Altman Tells Jury Musk Wanted OpenAI Passed to His Children

OpenAI CEO Sam Altman told a federal jury Tuesday that Elon Musk sought sweeping, permanent control of the AI company, BBC Business reported. Among the most startling claims, Altman said Musk floated the idea of OpenAI control passing to his children upon his death.

Dynastic Ambitions and a Contested Founding

Altman, testifying at a federal courthouse in Oakland, California, described an exchange with co-founders where Musk was asked what would happen to OpenAI if he died. According to Altman, Musk responded that leadership might pass to his children. Altman called it a “hair-raising moment” that crystallised his discomfort with Musk’s demands.

Beyond succession, Musk reportedly pushed for additional board seats, the chief executive role, and even a proposal to fold OpenAI into Tesla as a wholly owned subsidiary.
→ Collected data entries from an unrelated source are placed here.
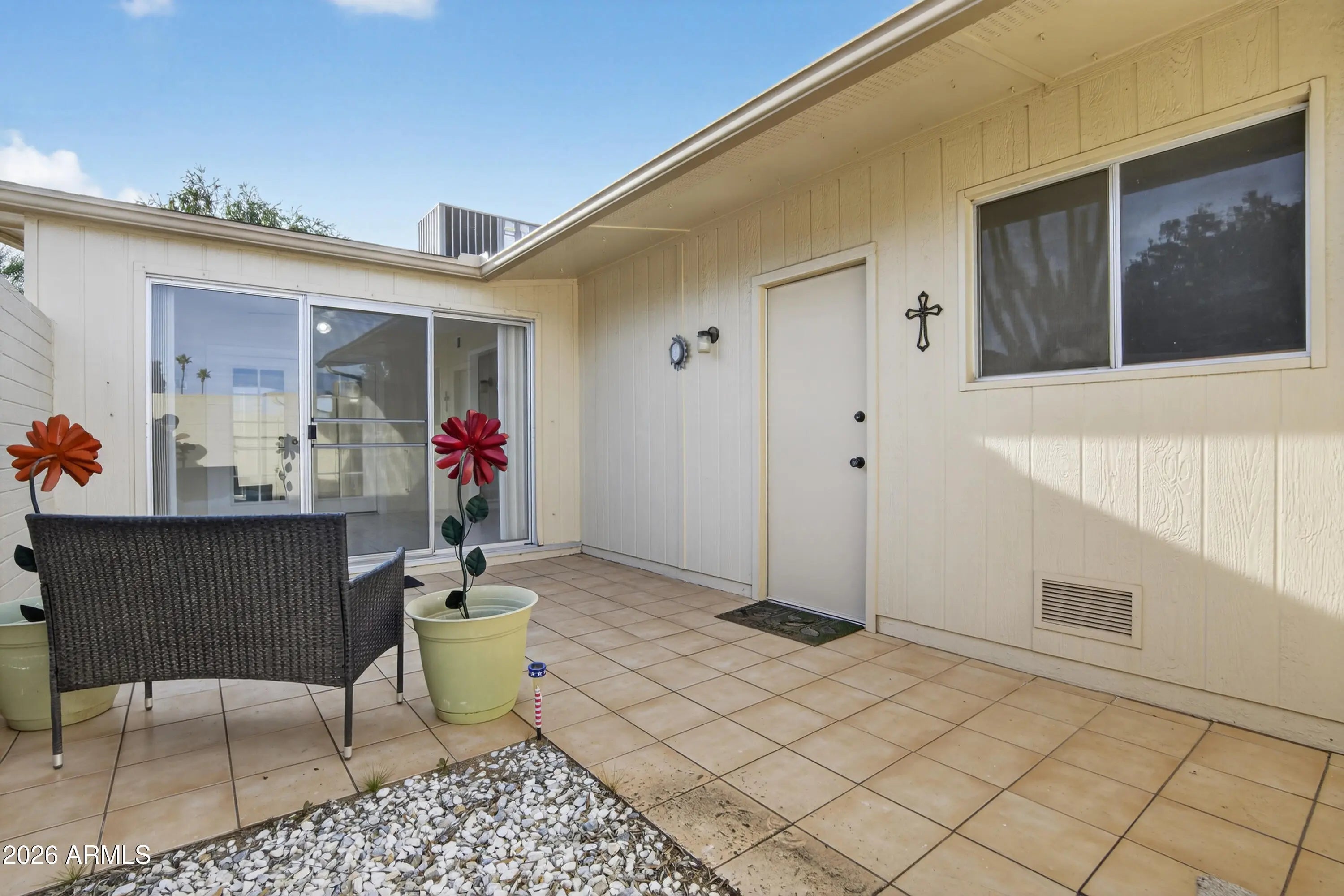 Welcome home to this inviting one bedroom, one bath patio home—perfectly sized for easy, comfortable living. Freshly painted interior. Skylights fill the home with natural light, creating bright and welcoming spaces throughout. The spacious bedroom features a walk in closet, while the Arizona room overlooks a charming, enclosed rear patio and offers endless possibilities to make it your own. The well appointed kitchen provides both function and style. The extended one plus car garage includes built in cabinetry for extra storage and offers direct access to both the home and patio. A convenient laundry sink complements the included washer and dryer. Ideally located near shopping, dining, and recreation centers, this home blends comfort, convenience, and potential.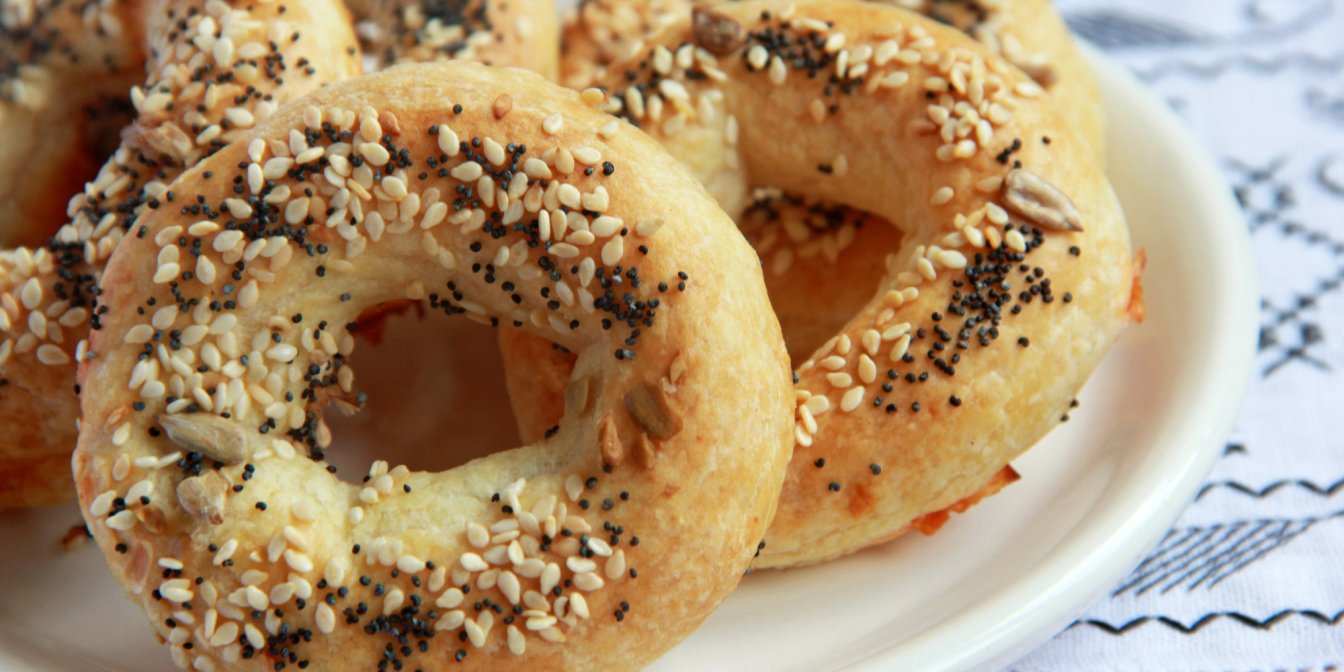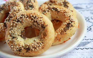 Переложите кольца на противень, застеленный пергаментной бумагой, и смажьте взбитым яйцом. Посыпьте семенами кунжута и выпекайте при 180°C 30 минут. Пончики с мясом готовы к подаче!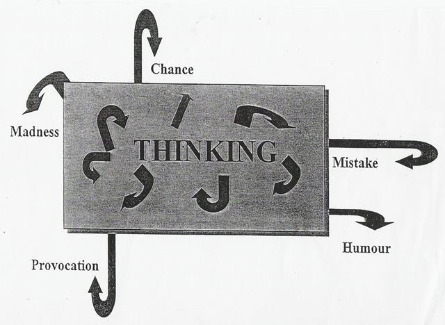 Creativity involves a mindset change and seeing things with different or with "new eyes", ie "thinking outside the box"; ways of thinking outside the box (see diagram below) include chance, mistake, humour, provocation and madness. Remember: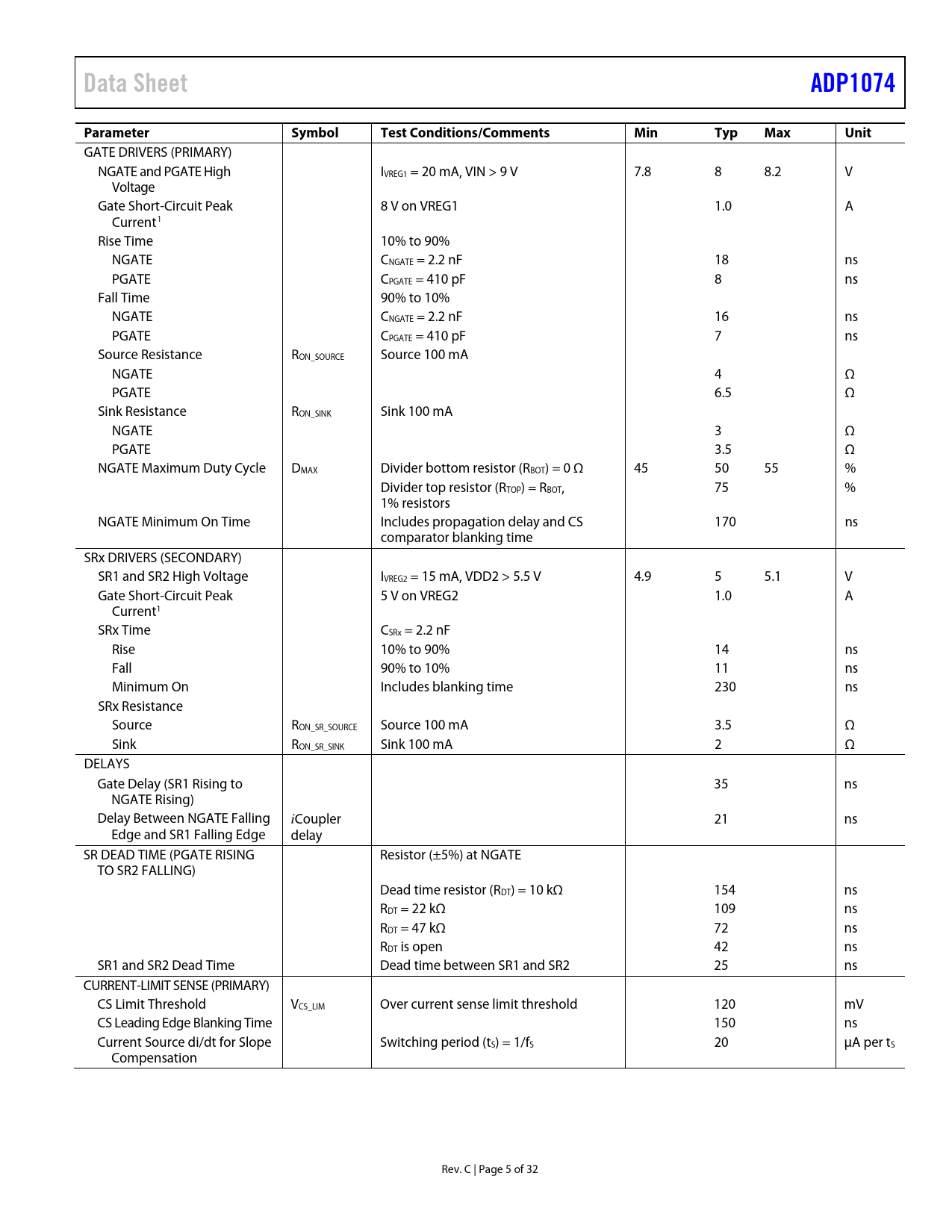 link to page 7 link to page 7 Data SheetADP1074ParameterSymbolTest Conditions/CommentsMinTypMaxUnit GATE DRIVERS (PRIMARY) NGATE and PGATE High IVREG1 = 20 mA, VIN > 9 V 7.8 8 8.2 V Voltage Gate Short-Circuit Peak 8 V on VREG1 1.0 A Current1 Rise Time 10% to 90% NGATE CNGATE = 2.2 nF 18 ns PGATE CPGATE = 410 pF 8 ns Fall Time 90% to 10% NGATE CNGATE = 2.2 nF 16 ns PGATE CPGATE = 410 pF 7 ns Source Resistance RON_SOURCE Source 100 mA NGATE 4 Ω PGATE 6.5 Ω Sink Resistance RON_SINK Sink 100 mA NGATE 3 Ω PGATE 3.5 Ω NGATE Maximum Duty Cycle DMAX Divider bottom resistor (RBOT) = 0 Ω 45 50 55 % Divider top resistor (RTOP) = RBOT, 75 % 1% resistors NGATE Minimum On Time Includes propagation delay and CS 170 ns comparator blanking time SRx DRIVERS (SECONDARY) SR1 and SR2 High Voltage IVREG2 = 15 mA, VDD2 > 5.5 V 4.9 5 5.1 V Gate Short-Circuit Peak 5 V on VREG2 1.0 A Current1 SRx Time CSRx = 2.2 nF Rise 10% to 90% 14 ns Fall 90% to 10% 11 ns Minimum On Includes blanking time 230 ns SRx Resistance Source RON_SR_SOURCE Source 100 mA 3.5 Ω Sink RON_SR_SINK Sink 100 mA 2 Ω DELAYS Gate Delay (SR1 Rising to 35 ns NGATE Rising) Delay Between NGATE Falling iCoupler 21 ns Edge and SR1 Falling Edge delay SR DEAD TIME (PGATE RISING Resistor (±5%) at NGATE TO SR2 FALLING) Dead time resistor (RDT) = 10 kΩ 154 ns RDT = 22 kΩ 109 ns RDT = 47 kΩ 72 ns RDT is open 42 ns SR1 and SR2 Dead Time Dead time between SR1 and SR2 25 ns CURRENT-LIMIT SENSE (PRIMARY) CS Limit Threshold VCS_LIM Over current sense limit threshold 120 mV CS Leading Edge Blanking Time 150 ns Current Source di/dt for Slope Switching period (tS) = 1/fS 20 μA per tS Compensation Rev. C | Page 5 of 32 Document Outline FEATURES APPLICATIONS SIMPLIFIED BLOCK DIAGRAM TABLE OF CONTENTS REVISION HISTORY GENERAL DESCRIPTION SPECIFICATIONS INSULATION AND SAFETY RELATED SPECIFICATIONS REGULATORY INFORMATION DIN V VDE V 0884-10 (VDE V 0884-10) INSULATION CHARACTERISTICS DIN V VDE V 0884-10 (VDE V 0884-10) INSULATION CHARACTERISTICS ABSOLUTE MAXIMUM RATINGS THERMAL RESISTANCE ESD CAUTION PIN CONFIGURATIONS AND FUNCTION DESCRIPTIONS TYPICAL PERFORMANCE CHARACTERISTICS THEORY OF OPERATION DETAILED BLOCK DIAGRAM PRIMARY SIDE SUPPLY, INPUT VOLTAGE, AND LDO SECONDARY SIDE SUPPLY AND LDO PRECISION ENABLE SOFT START PROCEDURE OUTPUT VOLTAGE SENSING AND FEEDBACK LOOP COMPENSATION AND STEADY STATE OPERATION SLOPE COMPENSATION INPUT/OUTPUT CURRENT-LIMIT PROTECTION TEMPERATURE SENSING FREQUENCY SETTING (RT PIN) MAXIMUM DUTY CYCLE FREQUENCY SYNCHRONIZATION SYNCHRONOUS RECTIFIER (SR) DRIVERS OUTPUT OVERVOLTAGE PROTECTION (OVP) ACTIVE CLAMP (PGATE) LEADING EDGE BLANKING GATE DELAY AND SR DEAD TIME LIGHT LOAD MODE (LLM) AND SR PHASE IN EXTERNAL START-UP CIRCUIT SOFT STOP POWER GOOD OCP/FEEDBACK RECOVERY OUTPUT VOLTAGE TRACKING REMOTE SYSTEM RESET OCP COUNTER INSULATION LIFETIME LAYOUT GUIDELINES TYPICAL APPLICATION CIRCUITS OUTLINE DIMENSIONS ORDERING GUIDE NOTES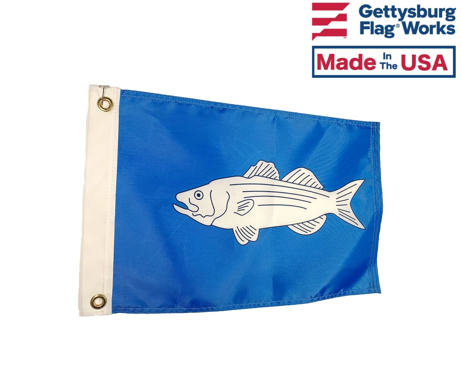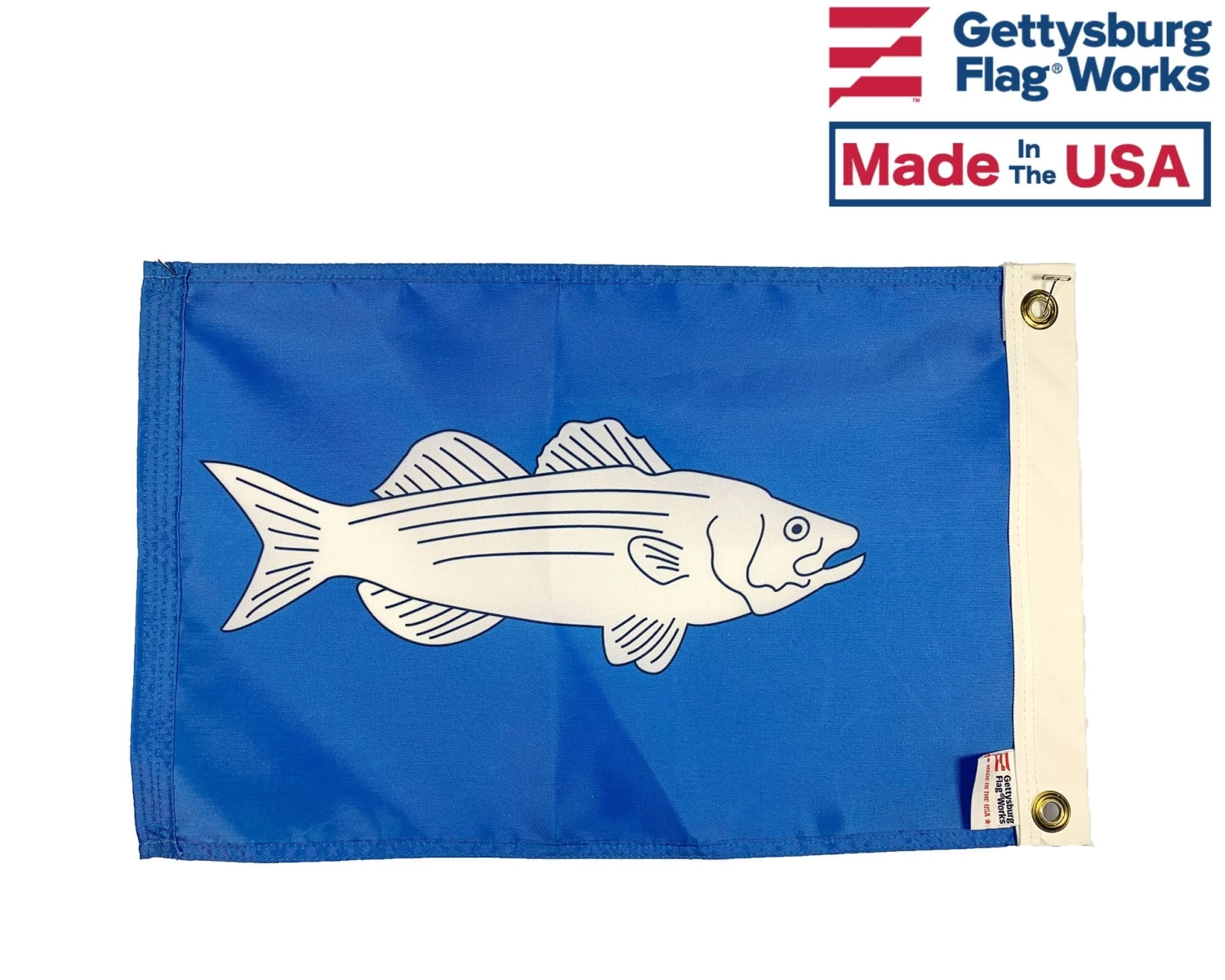 Striped Bass boat flag. Popular for fishing charters and sport fishing.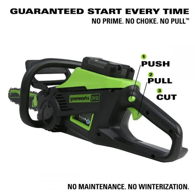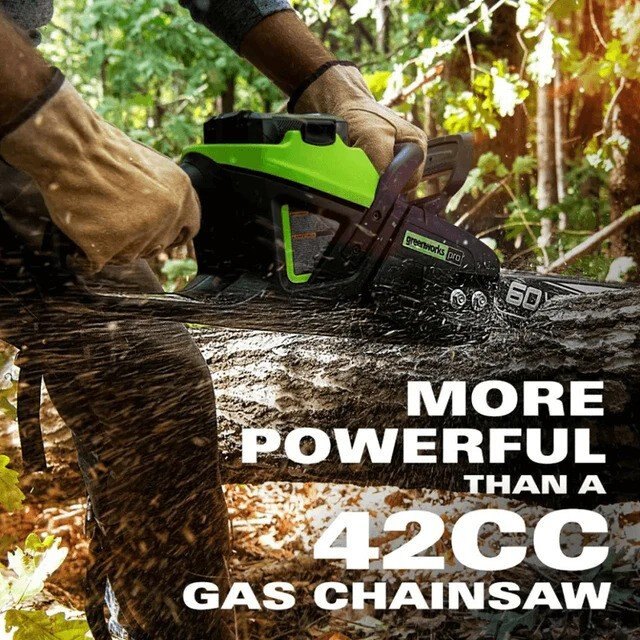 Powered by a pro-grade 60-volt lithium-ion battery, the new Greenworks battery-powered chainsaw delivers the power and performance of typical gas-powered saws, without the noise, fumes, or harmful emissions. The battery-powered brushless motor delivers 20% more torque and faster cutting than a 42cc gas-powered chainsaw, and it features our No Prime, No Choke, No Pull: easy-starting system for fast starts every time, with no aggravating pull cord. This lightweight chainsaw is equipped with a 18-Inch bar and chain, pro-style side-mounted chain tensioning for easy bar and chain maintenance, automatic chain oiler, transparent oil fill window, and inertia-activated chain brake.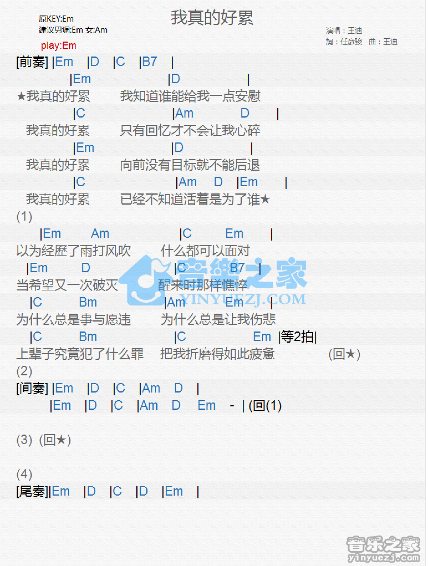 曲谱介绍: Em调版《我真的好累》吉他和弦弹唱谱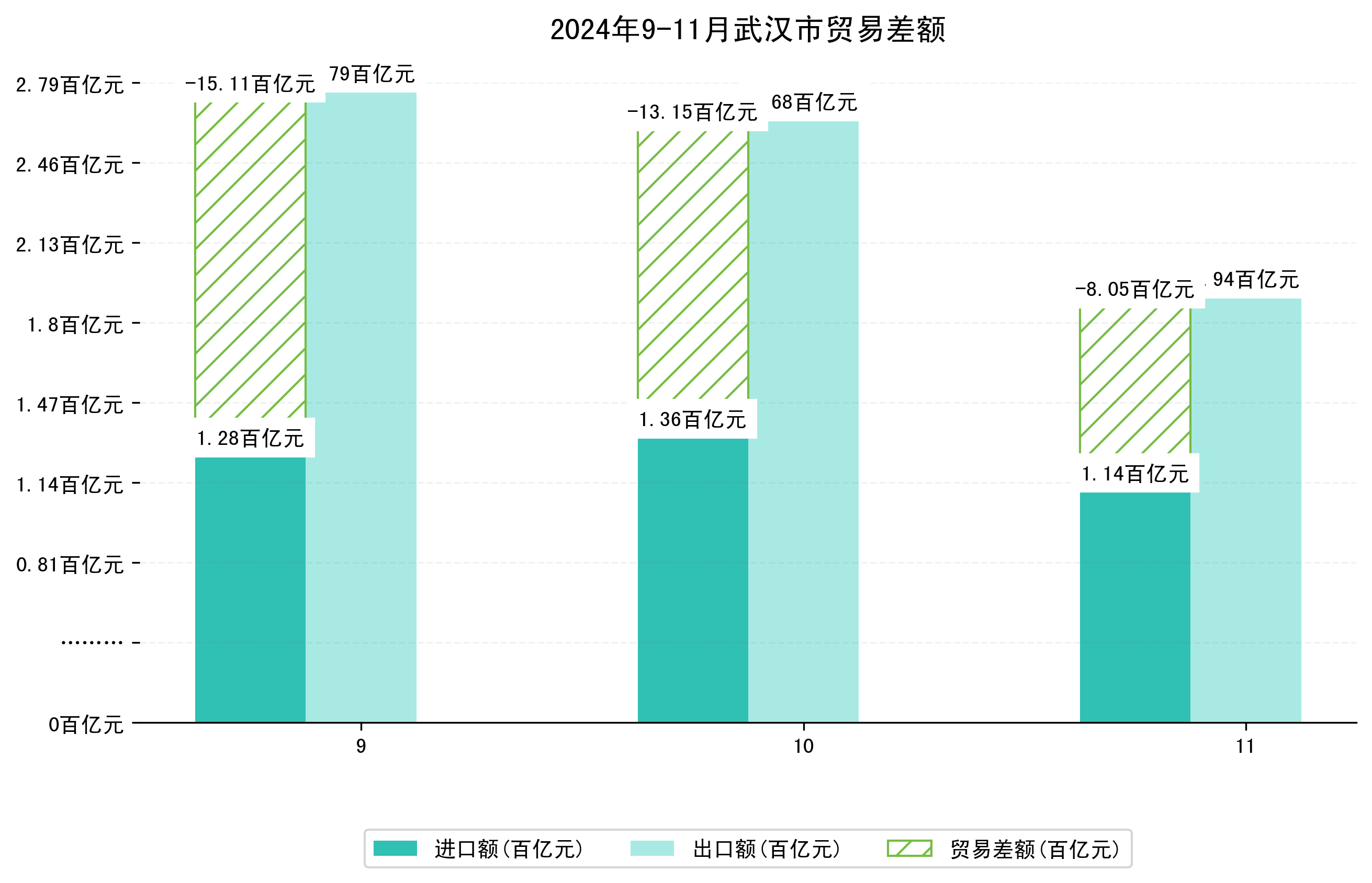 2024年11月武汉市进出口总额及进出口差额统计分析

Altman said the underlying driver was a desire to raise money faster by restructuring OpenAI into a conventional for-profit company, with Musk positioning himself as indispensable to that effort. Musk reportedly argued his public profile alone could instantly generate significant financial interest in the organisation.

Also Read: OpenAI, Microsoft Restructure Partnership in Landmark AI Deal

Background: A Founder Who Walked Away

Musk was among OpenAI’s original backers when it launched as a non-profit in 2015. He contributed roughly $5 million per quarter before departing in early 2018 after co-founders declined his demands for control. Altman recalled a pointed email from Musk at the time, in which Musk declared OpenAI had no realistic chance of success without him.

When OpenAI formed its first for-profit subsidiary in 2019, Altman said he offered Musk the chance to invest. Musk declined, stating he would no longer back any venture he did not personally control. Musk has since launched his own AI company, xAI, and is now suing OpenAI, alleging it abandoned its charitable mission in favour of profit.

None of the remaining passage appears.